# Science:Math Exam Resources/Courses/MATH152/April 2015/Question A 30/Solution 1

Let us examine what happens to the individual states

${\displaystyle {\mathbf {e_{1}}}={\begin{bmatrix}1\\0\\0\\0\end{bmatrix}},\quad {\mathbf {e_{2}}}={\begin{bmatrix}0\\1\\0\\0\end{bmatrix}},\quad {\mathbf {e_{3}}}={\begin{bmatrix}0\\0\\1\\0\end{bmatrix}},\quad {\mathbf {e_{4}}}={\begin{bmatrix}0\\0\\0\\1\end{bmatrix}}.}$
Examining ${\textstyle {\mathbf {e_{2}}}}$, we can see the 2nd column of ${\textstyle P}$ is
${\displaystyle {\begin{bmatrix}0\\1\\0\\0\end{bmatrix}}}$
so the second state is stationary (${\textstyle P^{n}{\mathbf {e_{2}}}={\mathbf {e_{2}}}}$ for all ${\textstyle n}$). Likewise, ${\textstyle P^{n}{\mathbf {e_{3}}}={\mathbf {e_{3}}}}$.

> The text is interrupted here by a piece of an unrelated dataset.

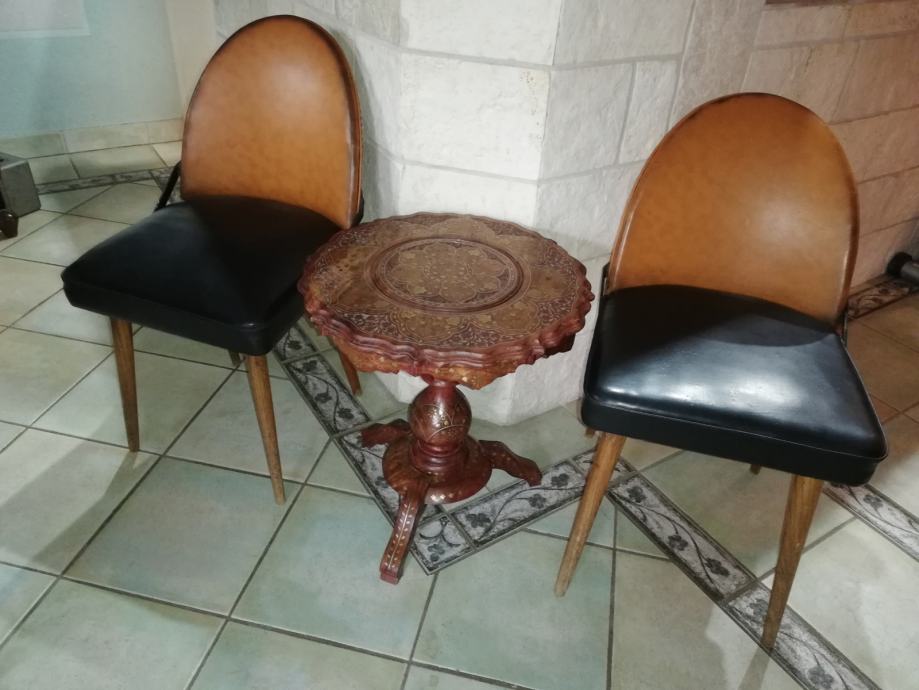 Dvije blagovaonske stolice u stilu Antonina Sumana, koji je radio za Thonetova tvornicu u Čehoslovačkoj . Ove stolice su izrađene u Mađarskoj između 1950. i 1960., po licenci. Ova stolica kombinira stari drveni okvir, drvene noge, čvrsto sjedište i naslon, koje su dodatno povezani željeznom spojnicom sa strane , sjedište i naslon obloženi kožom, u prekrasnoj kombinaciji crne i smeđe.
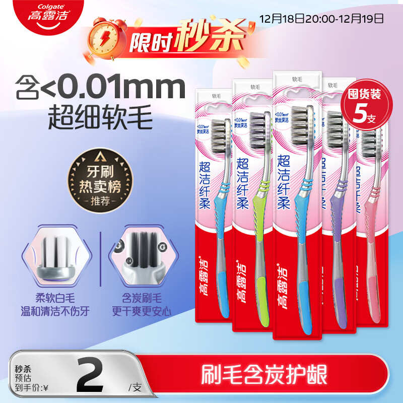 高露洁(Colgate)纤柔备长炭软毛牙刷 5支 超细软毛 深层洁齿 京东自营

Examining ${\textstyle {\mathbf {e_{1}}}}$, we can see that every iteration this state has probability ${\textstyle 1/2}$ of becoming third state and ${\textstyle 1/2}$ of remaining the same (by the first column of ${\textstyle P}$). Since ${\textstyle {\mathbf {e_{3}}}}$ is stationary, this means that

${\displaystyle P^{n}{\mathbf {e_{1}}}={\frac {1}{2^{n}}}{\mathbf {e_{1}}}+\left(1-{\frac {1}{2^{n}}}\right){\mathbf {e_{3}}}}$
, so as ${\textstyle n}$ goes to infinity, the probability of ${\textstyle {\mathbf {e_{1}}}}$ becoming the third state goes to one.

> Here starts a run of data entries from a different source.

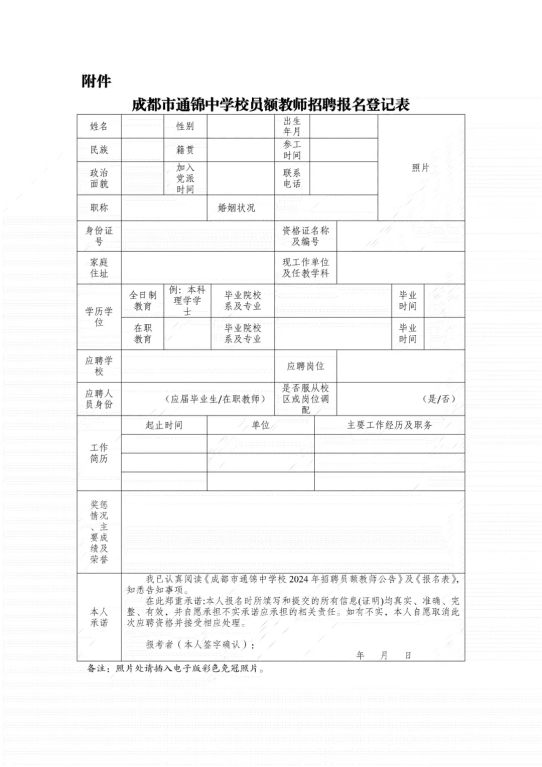 附件:成都市通锦中学校应聘教师基本情况登记表
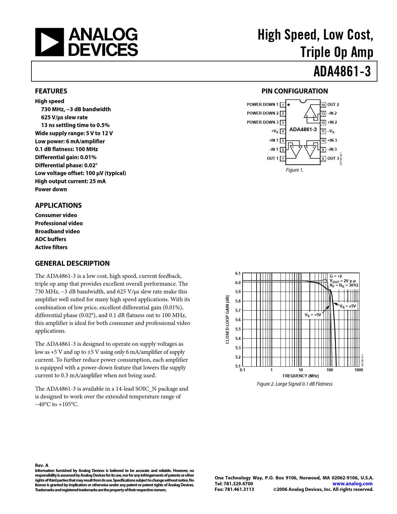 High Speed, Low Cost,. Triple Op Amp. ADA4861-3. FEATURES. PIN CONFIGURATION. High speed. POWER DOWN 1 1. 14 OUT 2
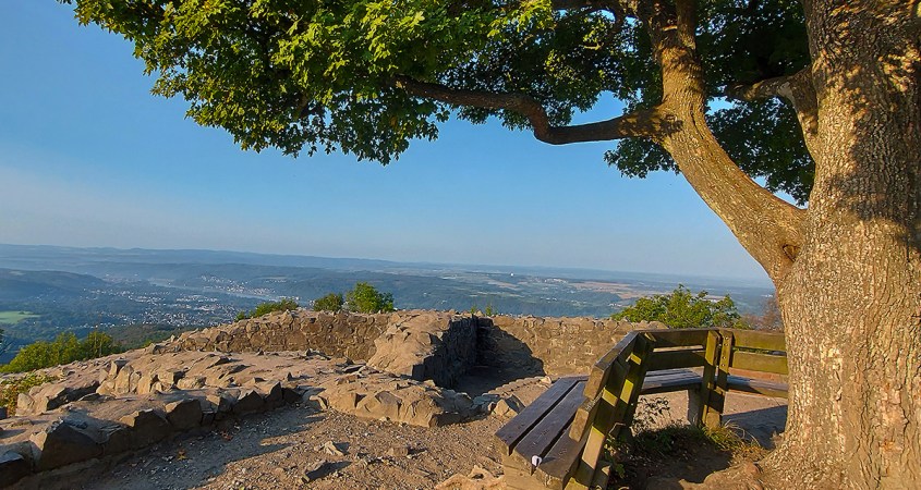 Solche Zusatzmeter lohnen sich auch beim Abstecher zur Ruine der Löwenburg auf 455 Metern über NN. Ein unscheinbarer Granitfelsen neben einer alten Eiche am Aussichtspunkt ist ein „Trigonometrischer Punkt erster Ordnung“, der unter anderem die Hohe Acht, den Michelsberg, oder Montabaur anpeilt. Hohe Acht und die Vulkankuppen der Osteifel sind gut zu sehen.
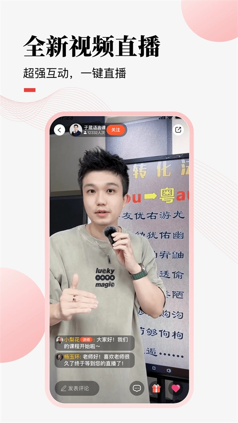 授课期间,学员评论弹幕出现;评论上墙,直接对话讲师;红包赞赏,感恩知识传递;师生互动,活跃课堂
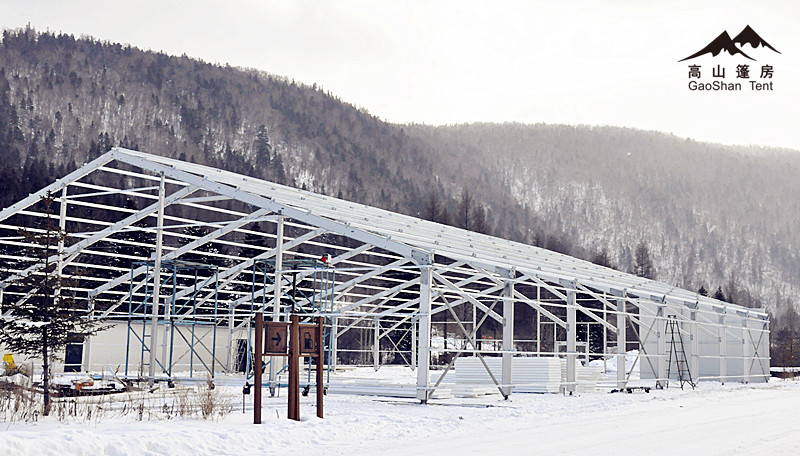 作為篷房企業,高山篷房具備冬季移動建筑豐富的設計施工經驗,同時陸續克服了凍土施工、結構強化、篷布安裝、防雪防凍、模塊配套等技術難題,成功制出雪地篷房系列產品。
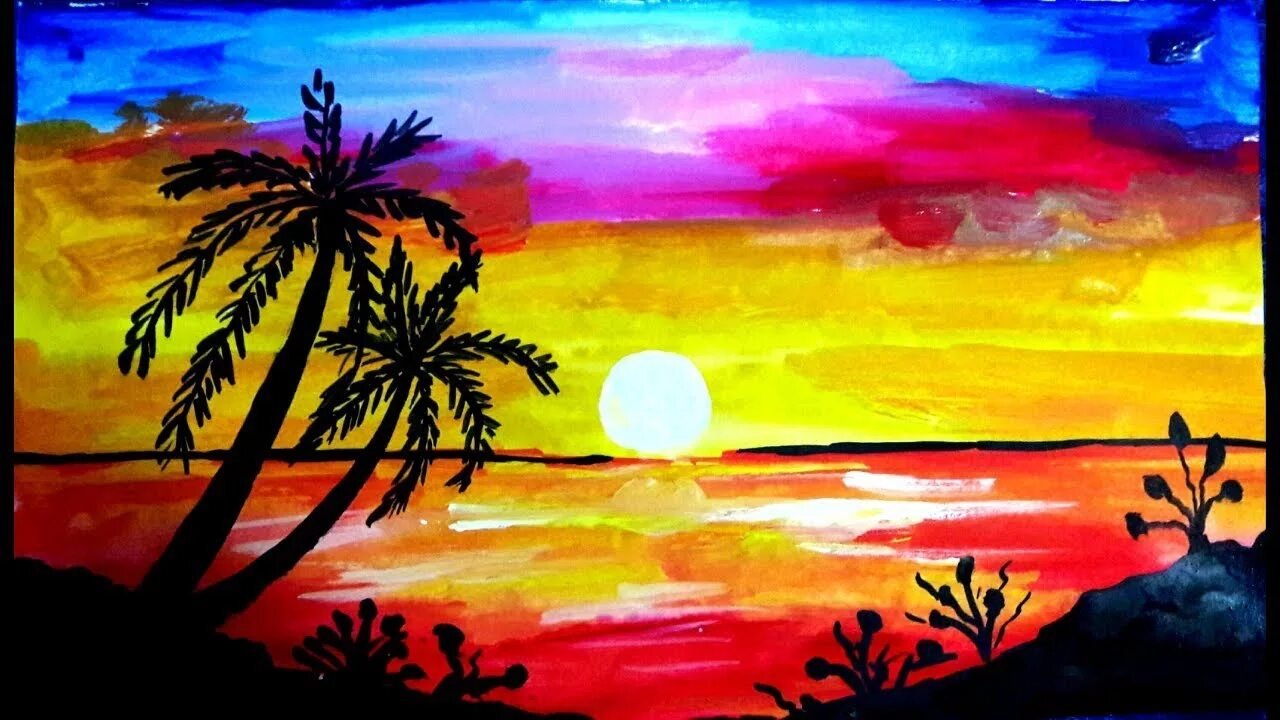![Закат красками для детей]()
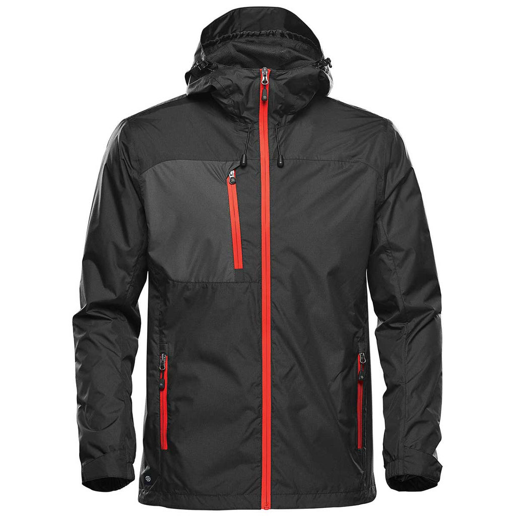 Enjoy a custom logo Stormtech Men's Black/Bright Red Olympia Shell whether the rain is falling or not. Ready for the unpredictability of summer, this shell is lightweight, waterproof, and breathable with an adjustable hood and full-length storm flap. This shell is articulated for comfort with superior, technical weather ready features. Ideal for workwear or as a corporate gift that can be enjoyed on days off. Add the logo of your design and choosing to offer these for whatever purpose you desire.Highlights

Similarly, as the number of iterations increases, the probability of ${\textstyle {\mathbf {e_{4}}}}$ becoming the second state goes to one.

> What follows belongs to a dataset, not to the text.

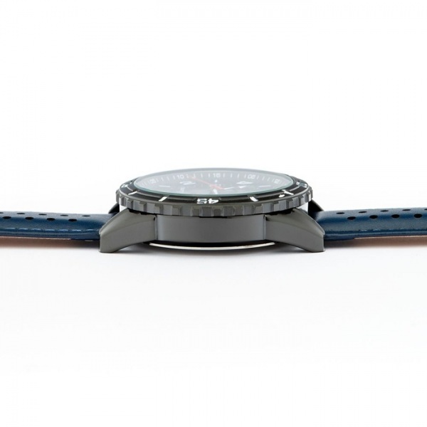 Táto verzia sa môže pochváliť žiarivým modrým náramkom z pravej kože v kombinácii s elegantným čiernym puzdrom a ciferníkom. Čierny rám a červené tlačidlá dodávajú šmrnc. Vodeodolnosť 3 ATM.

Putting this all together, we have that the probability of ending up in the second state as ${\textstyle n\rightarrow \infty }$ is the sum of the probabilities of starting in the second and fourth states, i.e., ${\textstyle {\frac {7}{11}}}$, while by the same reasoning the probability of ending up in the third state is ${\textstyle {\frac {4}{11}}}$ (the remaining states have probability zero). This means our answer is

${\displaystyle \lim _{n\rightarrow \infty }P^{n}{\mathbf {x_{0}}}=\color {blue}{\begin{bmatrix}0\\7/11\\4/11\\0\end{bmatrix}}.}$